## WHAT TO WORK ON
A faithful, picture-free copy of the listing below is required.

## DATA SHOWN
/---
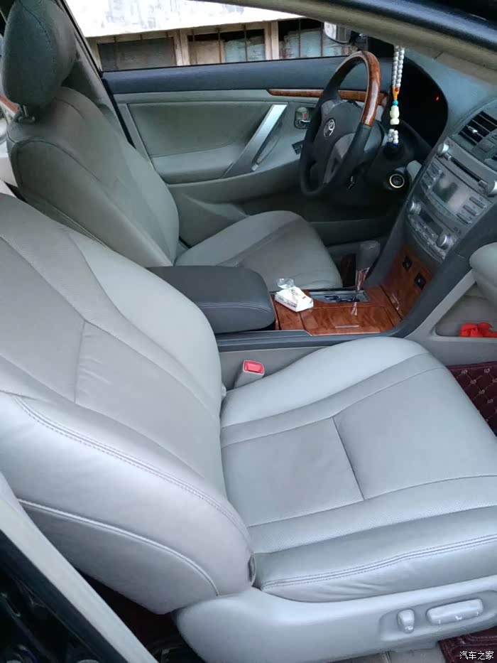内饰中规中矩,尤其喜欢凯美瑞的马鞍部,手刹变脚刹,中控那里省了非常多的空间,车内也看见更利索,木纹点缀,虽然有人觉得非常老气,但是我觉得非常好看,家用车的感觉。车内能触碰到的以塑料居多,10年前的用料可以理解,原车cd效果还是很不错的。
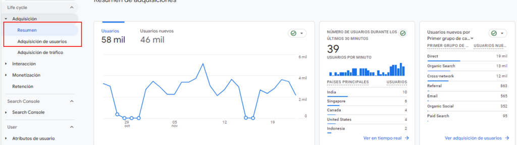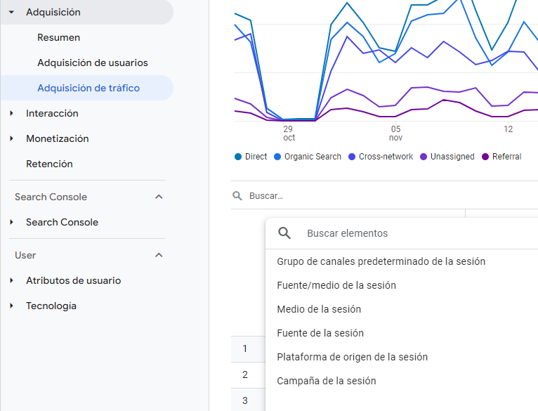 Puedes ver las dimensiones de adquisición de sesiones en los siguientes informes GA4:
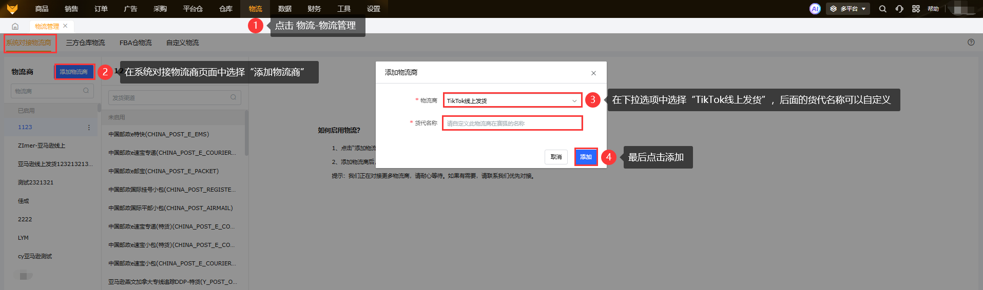 在【物流】-【物流管理】-【系统对接物流商】页面添加TikTok线上发货物流。
\---
## RESULT OF THE TASK
内饰中规中矩,尤其喜欢凯美瑞的马鞍部,手刹变脚刹,中控那里省了非常多的空间,车内也看见更利索,木纹点缀,虽然有人觉得非常老气,但是我觉得非常好看,家用车的感觉。车内能触碰到的以塑料居多,10年前的用料可以理解,原车cd效果还是很不错的。
 Puedes ver las dimensiones de adquisición de sesiones en los siguientes informes GA4:
 在【物流】-【物流管理】-【系统对接物流商】页面添加TikTok线上发货物流。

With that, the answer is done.